**WHAT IS REQUIRED**
Nothing except the pictures should be left out when you reproduce the listing exactly.

**MATERIAL PROVIDED**

------------------------------------------------------------

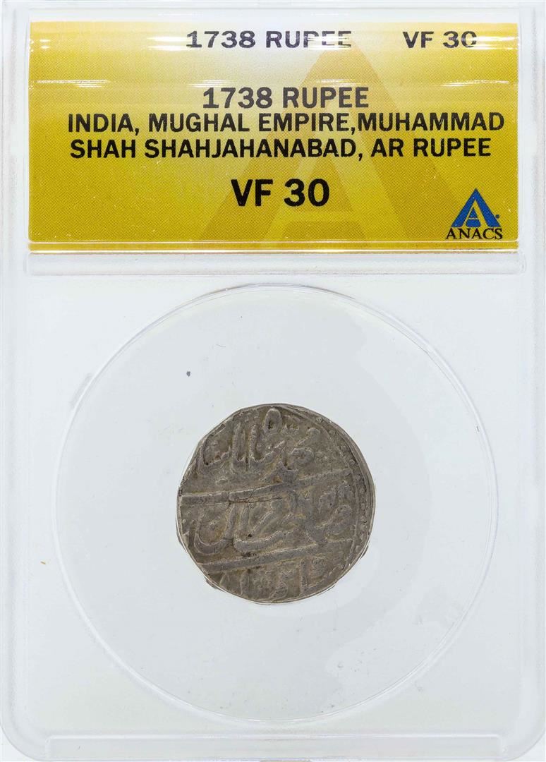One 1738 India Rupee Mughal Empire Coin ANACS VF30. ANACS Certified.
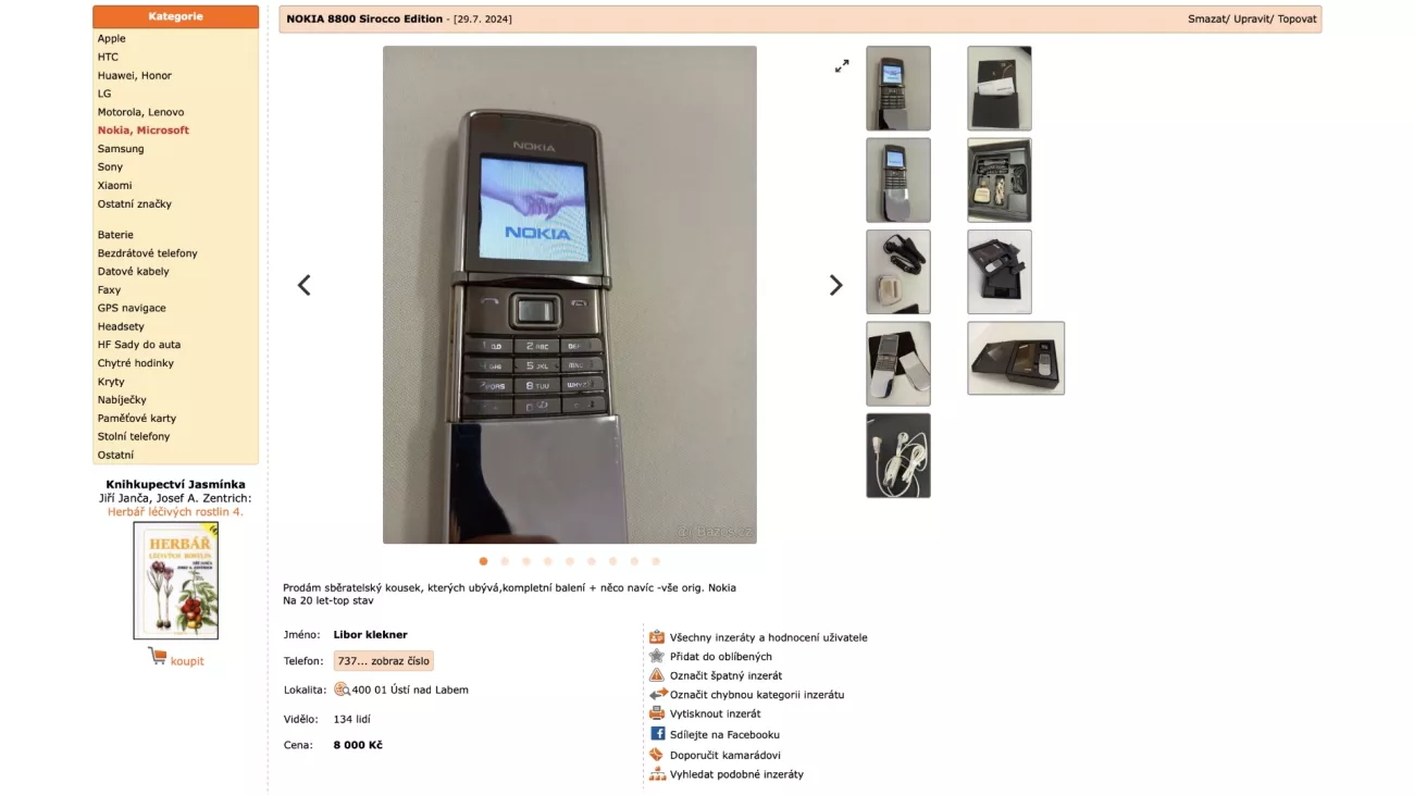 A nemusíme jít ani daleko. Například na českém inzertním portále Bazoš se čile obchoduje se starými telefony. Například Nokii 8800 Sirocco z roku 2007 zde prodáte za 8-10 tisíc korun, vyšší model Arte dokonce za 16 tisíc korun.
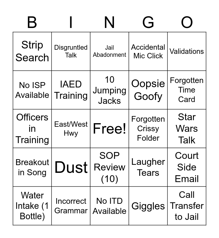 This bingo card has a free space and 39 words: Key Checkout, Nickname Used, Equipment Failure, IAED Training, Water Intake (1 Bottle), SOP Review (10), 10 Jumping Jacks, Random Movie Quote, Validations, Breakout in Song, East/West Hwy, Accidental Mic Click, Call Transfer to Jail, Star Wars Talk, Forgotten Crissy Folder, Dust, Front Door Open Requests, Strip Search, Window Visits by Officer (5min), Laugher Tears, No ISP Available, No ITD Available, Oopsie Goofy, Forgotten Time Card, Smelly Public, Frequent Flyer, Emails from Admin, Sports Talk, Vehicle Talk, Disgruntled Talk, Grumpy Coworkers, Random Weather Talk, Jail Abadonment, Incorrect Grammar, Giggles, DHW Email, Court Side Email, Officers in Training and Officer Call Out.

------------------------------------------------------------

**TASK RESULT**
One 1738 India Rupee Mughal Empire Coin ANACS VF30. ANACS Certified.
 A nemusíme jít ani daleko. Například na českém inzertním portále Bazoš se čile obchoduje se starými telefony. Například Nokii 8800 Sirocco z roku 2007 zde prodáte za 8-10 tisíc korun, vyšší model Arte dokonce za 16 tisíc korun.
 This bingo card has a free space and 39 words: Key Checkout, Nickname Used, Equipment Failure, IAED Training, Water Intake (1 Bottle), SOP Review (10), 10 Jumping Jacks, Random Movie Quote, Validations, Breakout in Song, East/West Hwy, Accidental Mic Click, Call Transfer to Jail, Star Wars Talk, Forgotten Crissy Folder, Dust, Front Door Open Requests, Strip Search, Window Visits by Officer (5min), Laugher Tears, No ISP Available, No ITD Available, Oopsie Goofy, Forgotten Time Card, Smelly Public, Frequent Flyer, Emails from Admin, Sports Talk, Vehicle Talk, Disgruntled Talk, Grumpy Coworkers, Random Weather Talk, Jail Abadonment, Incorrect Grammar, Giggles, DHW Email, Court Side Email, Officers in Training and Officer Call Out.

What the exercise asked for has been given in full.